Bozkır Çocuklarına Bir Umut Dr. Albert Eckstein...

16 Eylül 2008 Salı

Gürer Yayınları yeni bir kitap yayımlıyor.

Dr. Albert Ecksteinın Türkiyedeki yaşamı ve çalışmaları anlatılıyor.

III. Reich döneminde Hitler rejiminin devlet gö-revinden çıkardığı ari ırktan olmayanlar ya da ari ırktan olmayanlarla evli veya yakın olanlar arasında yer alan Ord. Prof. Dr. Eckstein, Düsseldorf Üniversitesi Çocuk Bölümünden ayrılıyor ve Türkiyenin davetini kabul ederek Ankaraya geliyor. Burada başına geçtiği Çocuk Hastanesinde çalışmaya başlıyor.
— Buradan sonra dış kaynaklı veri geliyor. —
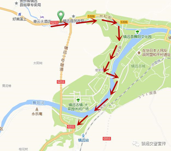 前往蕉溪、青溪、施洞、江古方向的小型車輛繞行共和街→盤龍街→平冒街→國道551鎮福線(即鎮遠政務中心路口) 。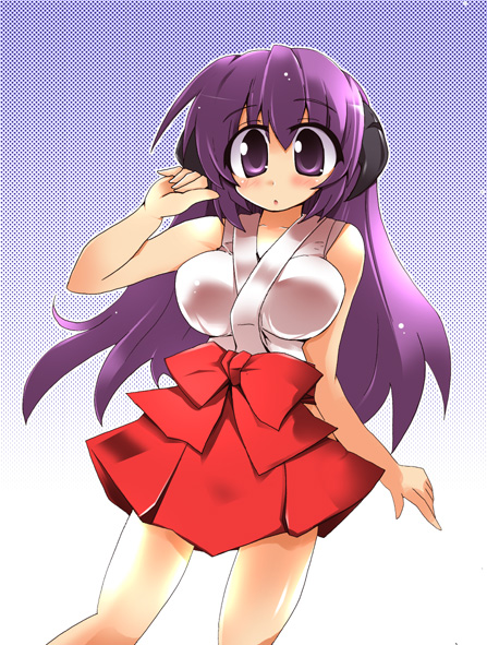 00s1girlblushbreastsfemale focushakamahakama short skirthakama skirthornsjapanese clotheslarge breastslong hairlooking at viewermikopurple eyespurple hairred hakamared skirtskirtsolotaremevery long hair

Ama asıl dikkat çeken olay burada başlıyor.

Türkiyedeki çocuk hastalıklarını anlamak, çocuk ölümlerini incelemek için bütün Anadoluyu dolaşıyor. Bir köy hekimi gibi gidip köylülerle dostluk kuruyor. Olayları yerinde görüp inceliyor. Bir yandan bu konularla uğraşıp olayları yerinde incelerken bir yandan da yeni çocuk hastalıkları uzmanları yetiştiriyor.

Aslında, kitap hepimiz için çok önemli bir ders niteliğinde.

Bir tıp doktorunun idealizmi ile, bir insanın kendine ve yaptığı işe saygı duymanın gerçek bir örneğidir Dr. Albert Ecksteinın Türkiyedeki yaşamı.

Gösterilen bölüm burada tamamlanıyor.